Andi: Mostly confusion or, “Oh that’s interesting,” or, “Wait, they? How do I use they?”
Cathy: They is the pronoun …
Andi: They is the pronoun that I prefer to use, so, “Meet Andi, they’re giving a talk at this place.”
Cathy: I don’t think mainstream people are as educated. The sex positive community is very educated, but the average person out in the world is like, “What?”
Andi: Right, “Why would you want to use they? You were born a girl, right? You should use she.”
Cathy: “You kind of look like a girl.”
Andi: I look super feminine. I’m 5’1″. I have a lighter voice. I’m curvy. It’s hard to not get read as feminine, but then I don’t feel like a guy either so I’m not …
Cathy: You get to be human.
Andi: I get to be human. Exactly. I feel like a human. Just treat me like a human is what I’d like, but I think the reaction is confusion as in, “What do you mean? Are you a boy or a girl?” I just say, “No.”
Cathy: Our culture is so binary in general. You must fit into this category or this category or you don’t exist.
Andi: Exactly, but, “Hi, I exist. I love you guys, and I feel human. I don’t feel like a boy or a girl or a man or a woman.”
Cathy: I love that. Thanks for being so courageous. How about you, Raj? You shared about you’re married. Your partner is transitioning. What has been the response?
Raj: A bit of the same confusion, where it’s like, “Oh, what does that mean for your marriage? How does that work for you?” I try to answer as best as I can, but one confusion I see is that often that we … I refer to her as she instead of they because that’s the agreement we have, but people around us, our friends … It’s a crowd thing … When I’m in the crowd with them take their cues for what pronouns to use from me.
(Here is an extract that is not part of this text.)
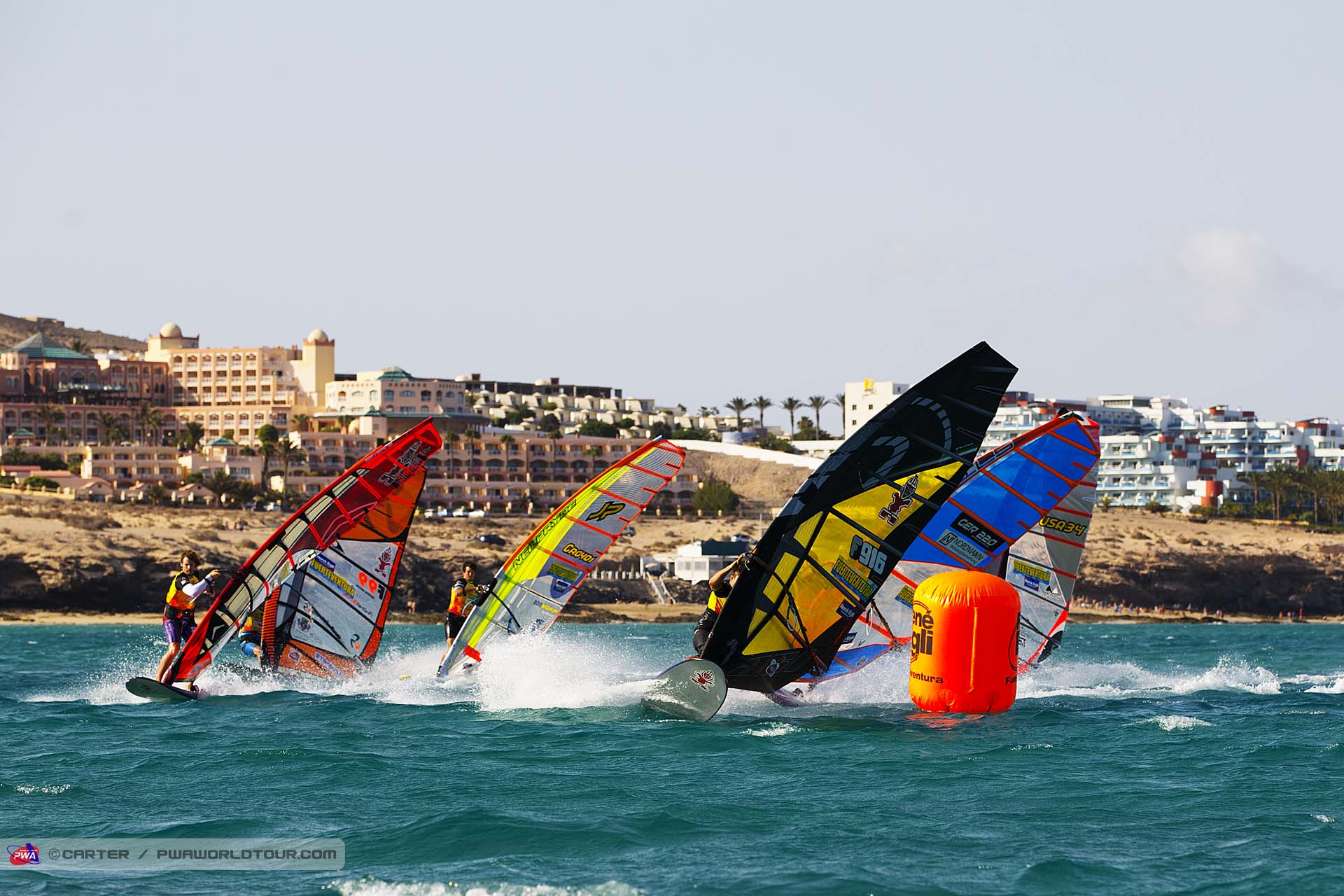 Après les inscriptions du matin place à l’action cet après midi avec 2 manches courues dans un vent léger de 12 à 20 nds. Les Français sont d’entrée de jeu aux avants postes et Pascal Toselli ouvre le bal en remportant le premier slalom devant Antoine Albeau et Cyril Moussilmani. Dans le second slalom c’est Josh Angulo qui empoche une belle victoire devant Pierre Mortefon et Matteo Iachino. Ce dernier pointe en tête au général au terme de la premiere journée avec 2 bonnes places de 4 et 3 suivi par Albeau et Tosseli. Mais les choses ne font que commencer!

That can be very confusing because then I can’t remember when to use they or she. That’s an interesting thing that I’m noticing a lot.
Cathy: In San Francisco, I think people are a little more educated than in general, but have you had people … ? I’ve heard in mainstream culture, “If the husband can’t … ” Have people asked about how it makes you feel about your masculinity or your sexuality or your identity?
Raj: That’s a hard one. Yes, we have certain expectations of what masculinity means, and sometimes it does feel like that is a little bit threatened. I’m like, “Oh, if were man enough, would that change? Would it be different?” That’s just normal, but I have to remind myself that it really has nothing to do with me or my masculinity. It’s more about just what she is and who she is as a person. It’s my responsibility to figure out who I am as a person. Both of us have to get outside of our social norms and restrictions and figure out our own identities.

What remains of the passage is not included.